Венька видел по ее глазам, что Зинаиду так и подмывало спросить: а на какие шиши он собирается покупать лодку? Вопрос был вполне законный, Венька признавал за женой право на этот вопрос, и все же сейчас, в такую минуту, когда он оттаял душой, ему бы не хотелось говорить о деньгах. Да и вообще что толку рассуждать о них. От зряшной болтовни денег не прибавится. Настроение только испортится — это да. А так все равно выкрутятся они как-нибудь. Занять, конечно, придется, а отдавать будут по частям, вроде как в кредит. И Зинаида прекрасно понимала это, так зачем же попусту молоть языком?

Вот за это он ее крепко уважал. Думать о деньгах, конечно, думала. Не думать в наше время нельзя. Но если заведутся, истратит их со спокойной совестью, всегда найдется на что; а нет ни копейки — то и так перебьется. В этом смысле Зинаида была золотой человек, самый правильный при безденежной жизни.

И вот сейчас она промолчала тоже, хотя лодку с мотором купить — это не три рубля на пиво найти.

Веньке захотелось погладить Зинаиду по плечу, но как раз в это время в магазин заявилась покупательница — расфуфыренная лаборантка из химцеха. Так и заверещала: «Зиночка, ты обещала мне колготки оставить…»

Венька чертыхнулся втихомолку: «Не колготки бы тебе, а штаны брезентовые!» — и, поймав напоследок взгляд Зинаиды, вышел из магазина.

На улице он со вздохом покачал головой. Такое настроение нашло было вдруг на него — и вот на тебе. Не дали человеку проявить себя. Вечно так. А потом Зинаида упрекает его: грубый, слова ласкового не дождешься, других жен, посмотришь, мужья целуют при всех, а ты бы хоть как-то себя проявил… Проявишь тут при такой жизни. То одно у тебя на уме, то другое. Вот сегодня, например. Ведь не так же просто заходил он к ней в магазин. Было какое-то дело. Какое?.. Уже и забыл, что ли?!

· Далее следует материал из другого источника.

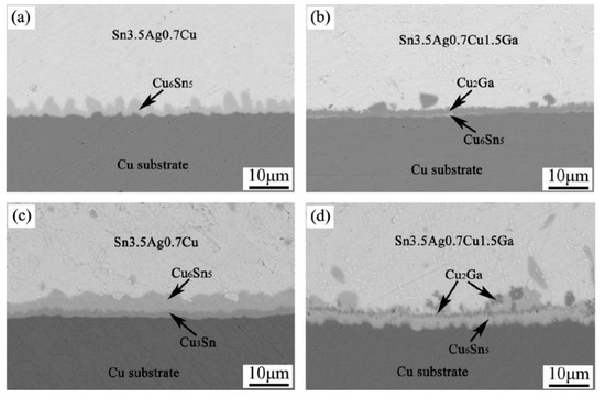 Morphologies of as-reflowed (a) Sn-Ag-Cu/Cu and (b) Sn-Ag-Cu-Ga/Cu interface, (c) Sn-Ag-Cu/Cu and (d) Sn-Ag-Cu-Ga/Cu interface aged at 180 °C for four days. Reprinted from [105], with permission from Elsevier.

Да нет, не забыл, конечно. Разве забудешь? И вовсе это не дело. Ну какое же это дело, когда нет привычного конкретного обозначения, ясного всем названия, а есть лишь подспудное томление — неотступное, теперь уже вроде как застарелое. Саднит где-то глубоко внутри, в мозгу, в сердце ли, неизъяснимое, тревожное чувство… И нет от него спасения.

Чудно получается. Жил себе человек, жил, как умел, не ломая голову: так ли уж хорошо ему живется? Чтобы все было как на заказ — такого в жизни не бывает. Он старался выгребать на самое течение, вполсилы ничего не делал и считал, что, в общем-то, все в порядке, так оно и должно быть, а выходит — себя дурил, и больше ничего.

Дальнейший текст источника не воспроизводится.